Armed with Intellectual Property Rights ammunition, the greedy, selfish and cruel Western knowledge predators embark on global coloniality through scientific and technological knowledge patenting. A snap survey on the Trade Related International Property(TRIPS) of the World Trade Organization unveils a plethora of articles with a bullying impact on African herbal and medicinal knowledge. Frommer (2003) spelled out that article 27.3(b) gives space for the ‘mighty’ in world politico-economic issues to seize and monopolize particular knowledge. Historically the (IPR) only applied to works of art and /or industrial innovations.

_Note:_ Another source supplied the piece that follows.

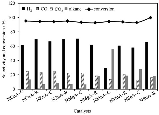 Based on the results of gas chromatograph (GC), it can be known that H2, CH4, CO, CO2, and C2H6 were the main gas products for the APR reaction. The selectivity of H2 ranged from 29.5% to 70.3%. The highest selectivity of H2 was obtained by NMgA–C. It can be deduced that adding magnesium to the Ni–Al hydrotalcite-derived catalysts could enhance the selectivity of H2. In addition, strong interaction was formed between Ni and Mg(Al)O, which is in favor of transforming electrons from the Mg(Al)O supporter into Ni species. Thus, the electronegativity of the active Ni species increased, and the dehydration probability of ethylene glycol was further decreased [41]. Then, the selectivity of H2 was improved in APR reaction. The lowest selectivity of H2 was obtained by the NMA–C catalyst, and only weak catalytic activity was shown during the APR reaction. As shown in Figure 5, NCuA–R/C and NZnA–R/C as catalysts, showed excellent catalytic performance; and the selectivity of H2 over these catalysts were higher than that when using NSnA–R/C and NMnA–R/C as catalysts.

However, article 27.3(b) extended exclusive  rights of ownership to property and processes derived from biological substances (Frommer, 2003). A telescopic look at the details of the article proves that the article was designed and lobbied by industrialized nations who developed and profited from biologically related substances and processes, for which the bulk was stolen from the developing world. The specifics of this article testifies that there is no justice and fairness whatsoever in the patenting processes on the part of the developing world.  The worrying issue is the fact that the article is designed in such a way that stolen medical knowledge from Africa is quickly durawalled and electric fenced through this cruel legal instrument. It is so paining to note that the real owners of some of the ‘fenced’ knowledge, in this case Africans become aliens to the knowledge they preserved and protected as handed to them by the past generation. Through (IPR) and instruments like patents the West gained control over African traditional genetic resources. As a results, though Africans live nearer to their herbal resources they are so estranged from them through unscrupulous legality. Western industrial Laboratories,  academia and patent offices have therefore become slaughter houses for African herbal and medicinal lore (The Patriot, 26 April 2018).  Such a state of affairs deserves no other description other than global coloniality through science and technology.

The coloniality of patenting lies in the fact that the patenting system does not protect herbal lore nurtured in Africa over generations. As the giant pharmaceutical companies scour the globe ripping traditional knowledge from poorest communities, the poverty stricken owners of that knowledge are never consulted, neither are they recognized or compensated. The patent system also  lay claims in the name of research discoveries on plants, foods and other medicinal knowledge that is innately indigenous and have been  used and relied on by African people for centuries (Pawledge, 2001). If the IPRs were fair, respecting innovation and knowledge possession irrespective of geographical location of the owner, then herbal and medicinal knowledge of African people should have been the most respected due to its long history of experience, use and preservation. Shockingly African people are made to accept that their herbal and medicinal knowledge is inferior compared to Western allopathic drugs. Western pharmaceutical researchers are thus selfist in orientation. Nhemachena, (2016) described such researchers as ‘collectors and gatherers’ of African traditional knowledge for their advantages and the benefit of their home countries.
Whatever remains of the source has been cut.